**Provided material:**
· · · ·

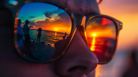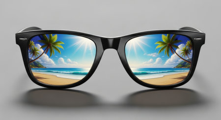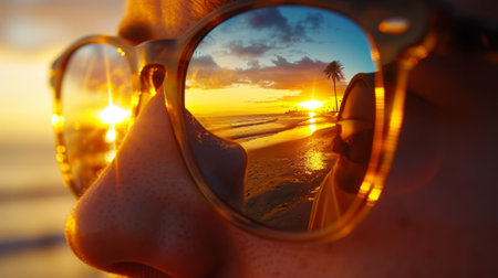 Reflection in the sunglasses shows sea beach. Summer concept. Generative AI illustration
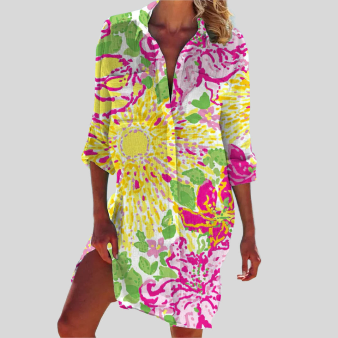 Olivia | Knopfkleid für den Sommer mit langen Ärmeln
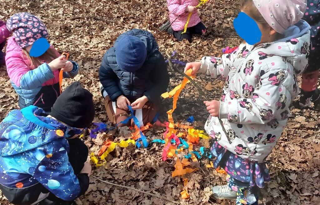 – pleteme před dětmi, nakonec ozdobíme barevnými stužkami
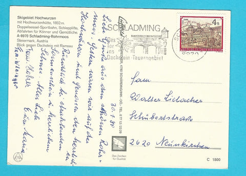 AK Skigebiet Hochwurzen mit Hochwurzenhütte. Gelaufen. Großformat. Verlag: Luftbild-Scheurecker. Nummeriert: C 1800. Zustand: gut.

· · · ·

**Task directions:** Copy out every line above, word for word, minus images.

**Answer to this task:**
 Reflection in the sunglasses shows sea beach. Summer concept. Generative AI illustration
 Olivia | Knopfkleid für den Sommer mit langen Ärmeln
 – pleteme před dětmi, nakonec ozdobíme barevnými stužkami
 AK Skigebiet Hochwurzen mit Hochwurzenhütte. Gelaufen. Großformat. Verlag: Luftbild-Scheurecker. Nummeriert: C 1800. Zustand: gut.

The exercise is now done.